As in the previous case the Buddha spent these respective months, blessing people by His visits and preaching. The length of time necessary for traversing the country was reduced from seven to four months, for reasons as described above. Because of the shortage of time, that seven, or six, or five, or four month journey had a distance of one hundred yojanas. As in the above manner, the areas on either side of this one hundred yojanas journey were also visited. Hence it is said: “Anto maṇḍhala journey ranges altogether three hundred yojanas.”
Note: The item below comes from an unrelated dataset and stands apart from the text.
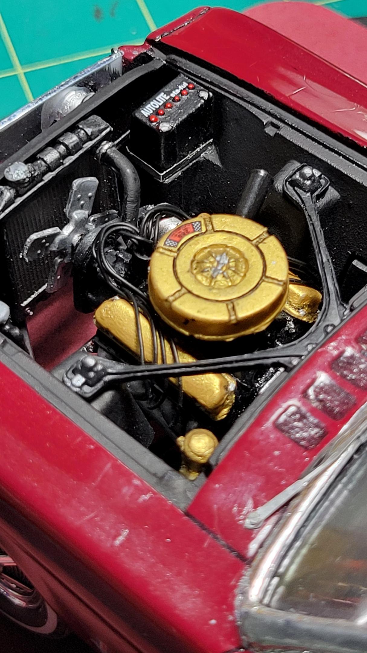 This add-on was an afterthought. I had already assembled the engine. I was unable to get a clear angle with my pin vise to drill holes so I inserted the boots in first. When looking at web photos, I thought the plug wires went all the way behind the valve covers. Come to find out, not so. I manipulated them as much as possible but still too long. Oh well. I did not want to re-glue on this build.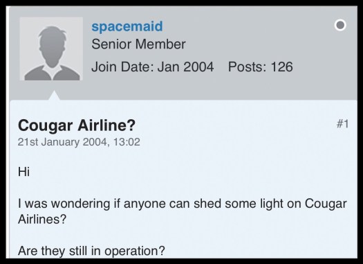 Posted on April 9, 2019April 9, 2019 by russiangoatCougar AIRLINES 1.0 Dear Spacemaid, Yes. Sincerely, Greg the Scientist Share this: Click to share on X (Opens in new window) X Click to share on Facebook (Opens in new window) Facebook Like Loading...

It should be borne in mind that the Buddha had set out on anyone of these itineraries not for receiving the four requisites, namely, robe, food, shelter, medicine, but out of compassionate consideration and with the sole purpose of affording opportunity to the poor, the ignorant, the aged, the sick, who would have no means of paying homage to Him at any other time. Of them, some would be pleased just to see Him, some would like to offer flowers and sweet scents, or a morsel of hard earned food, and there would be those who had given up wrong view to take up the Right View. Such encounters with Him would bring about lasting peace, prosperity and happiness for these people.

This was how the Buddha, after having kept the fifth vassa in the Mahāvana forest at Vesali, travelled to Savatthi and Rājagaha with the villages on their outskirts (by way of any of the three kinds of journey) for the uplift of all living beings and administering the Elixir of the Dhamma with His preaching. He kept the sixth vassa at Mount Makula Monastery, which was situated by the side of the ocean and was shaded and walled by a forest of star flower trees, saving all deserving human and celestial beings and Brahmās from the sufferings of sentient existence.